“Our ability to guarantee supply chain integrity ultimately guarantees the outcome of the clinical trial,” said Nadia Whittley, recently appointed head of Pharmarama International, a UK wholesaler and importer of licensed and unlicensed medicines for clinical trials and private prescriptions.
‘It might sound easy’
Whittley told Outsourcing-Pharma.com the company, rebranded from BR Pharma a few years ago, purchases and delivers worldwide, to countries including Singapore, China, Turkey, Canada, Nigeria, South Africa and the EU.
There was an “enormous amount of hurdles” in the process, Whittley told us.
“Our clinical trials division deals with pharmaceutical companies of all sizes, from big pharma to much smaller sized companies.
“It might sound so easy – you buy it in Country A and deliver in Country B, but a company can have different needs in terms of where you buy.
“They might ask you to buy from multiple countries and deliver to multiple countries, or to buy in several countries and deliver to one. They might need a special formulation, and need for it to be packaged and labelled and shipped in very specific way. For instance, if we source a drug that needs to be kept at -5°C, and we buy in Pakistan and send to Australia.”
Comparator drugs
Much of Pharmarama’s work involves sourcing comparator drugs for rivals’ clinical trials. We asked whether pharmaceutical companies made it difficult to obtain their drugs for rivals’ trials.

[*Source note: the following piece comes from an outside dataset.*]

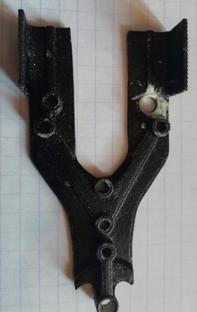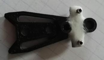 Après avoir élargi et surtout allongé en hauteur le passage de roues des suspensions (en collant un carton + super glue + poudre), l'axe avant peut enfin passer avec un débattement vertical suffisant. Il faudra aussi prévoir une rondelle à l'intérieur de la jante avant pour que celle ci ne frotte pas sur les suspensions.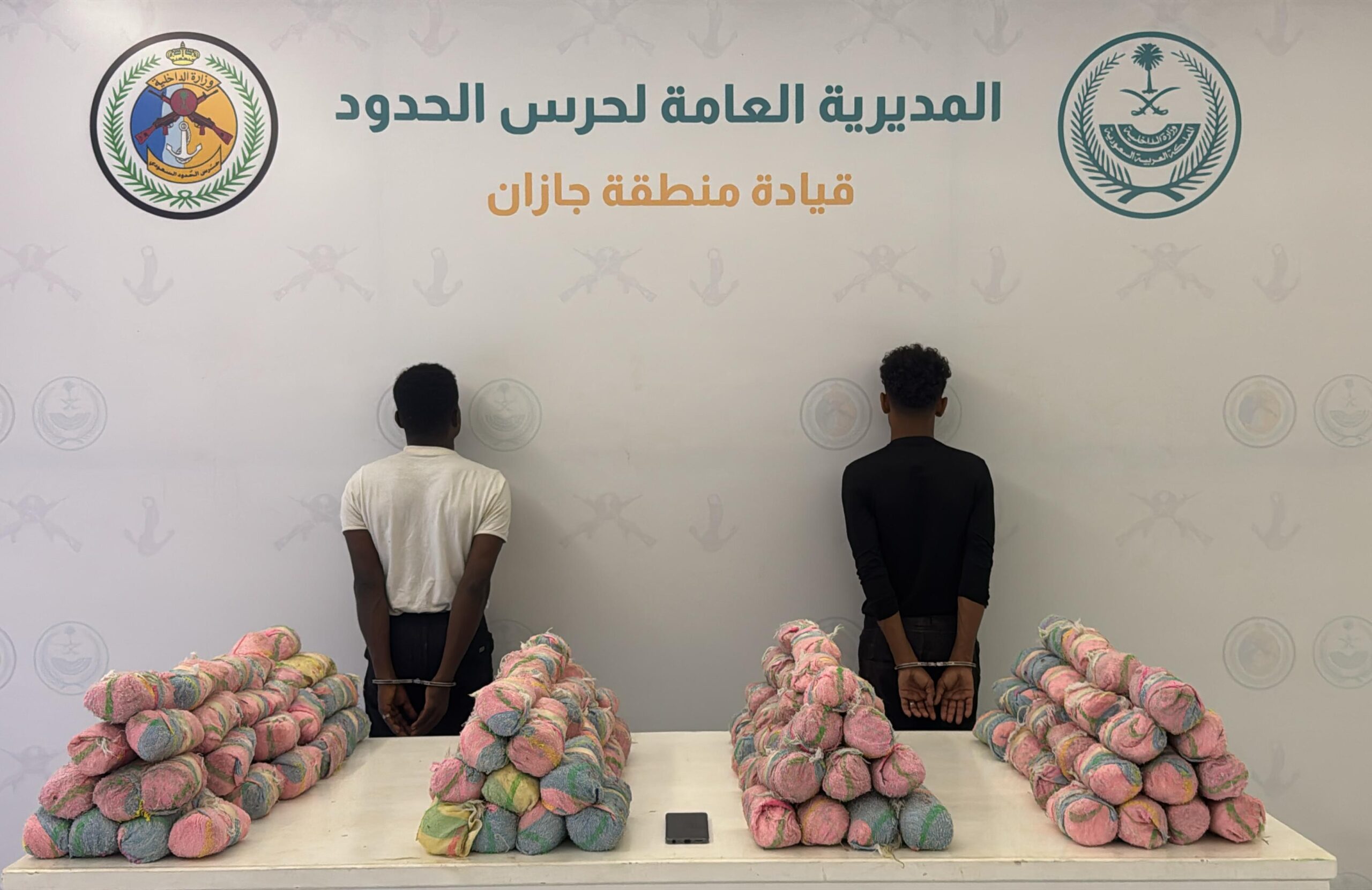 قبضت الدوريات البرية لحرس الحدود في قطاع الحرث بمنطقة جازان على مخالفين لنظام أمن الحدود من الجنسية اليمنية، لتهريبهما (88) كيلوجرامًا من نبات القات المخدر، وجرى استكمال الإجراءات النظامية الأولية بحقهما، وتسليمهما والمضبوطات لجهة الاختصاص.

“That depends how good your comparator supplier is!” said Whittley. “Companies have exclusive deals with importers. Pfizer or GSK or Novartis could have an exclusive deal with us – although I’m not saying they do – and if any company in the world wants a comparator from them, they would have to come to us.
“[Obtaining comparator drugs] depends on how we develop relationship and trust and how rewarding the relationship is.”
The ‘worst-case scenario’
One of the main requirements pharmaceutical companies make of distributors like Pharmarama is ensuring with absolute certainty they are dealing with reliable companies, Whittley told us.

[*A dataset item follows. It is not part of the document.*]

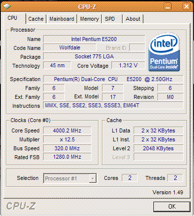 Результат разгона Intel Pentium Dual-Core (Wolfdale-2M)

Pharma firms supplying drugs are wary their product may be used for a different clinical trial from the one originally declared. At the other end of the supply chain, companies fear receiving counterfeit medicines – “the worst-case scenario and an enormous problem for pharmaceutical companies,” said Whittley.
“That’s why dealing with traffic companies becomes a must for pharmaceutical companies. Our Quality Assurance department is almost as big as Sales.”

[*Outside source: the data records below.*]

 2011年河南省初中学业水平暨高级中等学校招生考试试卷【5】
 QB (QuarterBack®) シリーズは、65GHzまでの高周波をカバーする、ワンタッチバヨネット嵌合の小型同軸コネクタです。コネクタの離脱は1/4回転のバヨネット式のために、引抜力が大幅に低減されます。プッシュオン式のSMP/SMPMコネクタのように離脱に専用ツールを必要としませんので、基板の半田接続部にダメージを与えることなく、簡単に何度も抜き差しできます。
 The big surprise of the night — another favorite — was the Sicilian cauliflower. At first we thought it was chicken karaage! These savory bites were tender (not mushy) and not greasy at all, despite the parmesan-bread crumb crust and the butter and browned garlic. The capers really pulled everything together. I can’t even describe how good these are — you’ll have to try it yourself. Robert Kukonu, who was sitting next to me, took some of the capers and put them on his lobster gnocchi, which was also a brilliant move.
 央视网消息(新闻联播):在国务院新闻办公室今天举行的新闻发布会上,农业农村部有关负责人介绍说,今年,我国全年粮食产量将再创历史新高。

“The company does not import from India, Pakistan or China,” Drew Patel, head of unlicensed medicines, added, saying it preferred “Australia, Canada, the USA, the EU – anywhere we have confidence in the supply chain.”
The whole industry stressed the need for a reliable supply chain, Whittley added, but “to us, we are the supply chain.”
The company’s competitors include Clinigen, Kali and Idis, said the CEO, who claimed Pharmarama’s business model of performing quality control checks in one, in-house location, avoided potentially risky multiple steps in the supply chain.
The company told us it called in management consultants last week to look at rivals and find “an area that is not completely serviced,” and was likely to announce an expansion of its competencies in the next three or four months.